**Provided data:**
=== Section Start ===

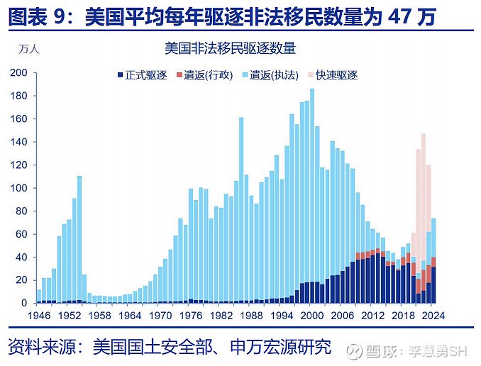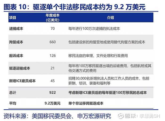 移民方面,受制于事前及事中的反对力量,特朗普或降低非法移民驱逐力度。驱逐移民需大量资金,移民执法局现有的执法能力或难以应对。驱逐100万非法移民的成本约为922亿美元,2025年,移民局的年度预算仅约97亿美元,扩大预算需要民主党及共和党保守派的配合。
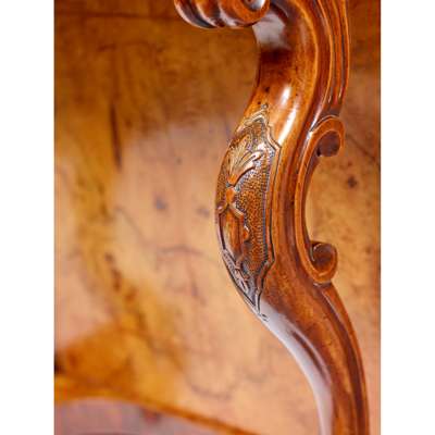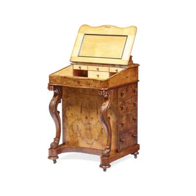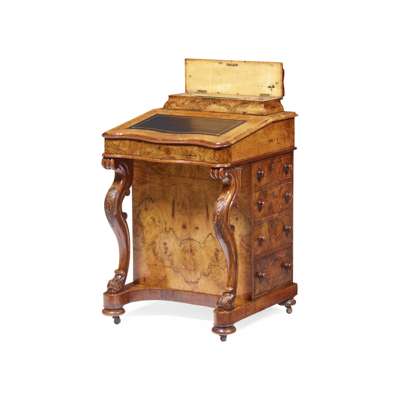 with a hinged superstructure with pierced gallery above a slope with a black leather skiver, raised on carved scrolled supports with four drawers to one side and dummy drawers opposing, on wood castors
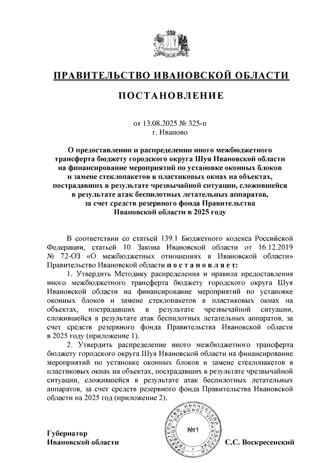 Постановление Правительства Ивановской области от 13.08.2025 N 325-п "О предоставлении и распределении иного межбюджетного трансферта бюджету городского округа Шуя Ивановской области на финансирование мероприятий по установке оконных блоков и замене стеклопакетов в пластиковых окнах на объектах, пострадавших в результате чрезвычайной ситуации, сложившейся в результате атак беспилотных летательных аппаратов, за счет средств резервного фонда Правительства Ивановской области в 2025 году" (вместе с "Методикой распределения и правилами предоставления иного межбюджетного трансферта бюджету городского округа Шуя Ивановской области на финансирование мероприятий по установке оконных блоков и замене стеклопакетов в пластиковых окнах на объектах, пострадавших в результате чрезвычайной ситуации, сложившейся в результате атак беспилотных летательных аппаратов, за счет средств резервного фонда Правительства Ивановской области в 2025 году")

=== Section End ===

**Task to complete:**
Copy word for word each line of the data above, from the first through the one containing "with a hinged", and include no pictures.

**Exercise answer:**
 移民方面,受制于事前及事中的反对力量,特朗普或降低非法移民驱逐力度。驱逐移民需大量资金,移民执法局现有的执法能力或难以应对。驱逐100万非法移民的成本约为922亿美元,2025年,移民局的年度预算仅约97亿美元,扩大预算需要民主党及共和党保守派的配合。
 with a hinged superstructure with pierced gallery above a slope with a black leather skiver, raised on carved scrolled supports with four drawers to one side and dummy drawers opposing, on wood castors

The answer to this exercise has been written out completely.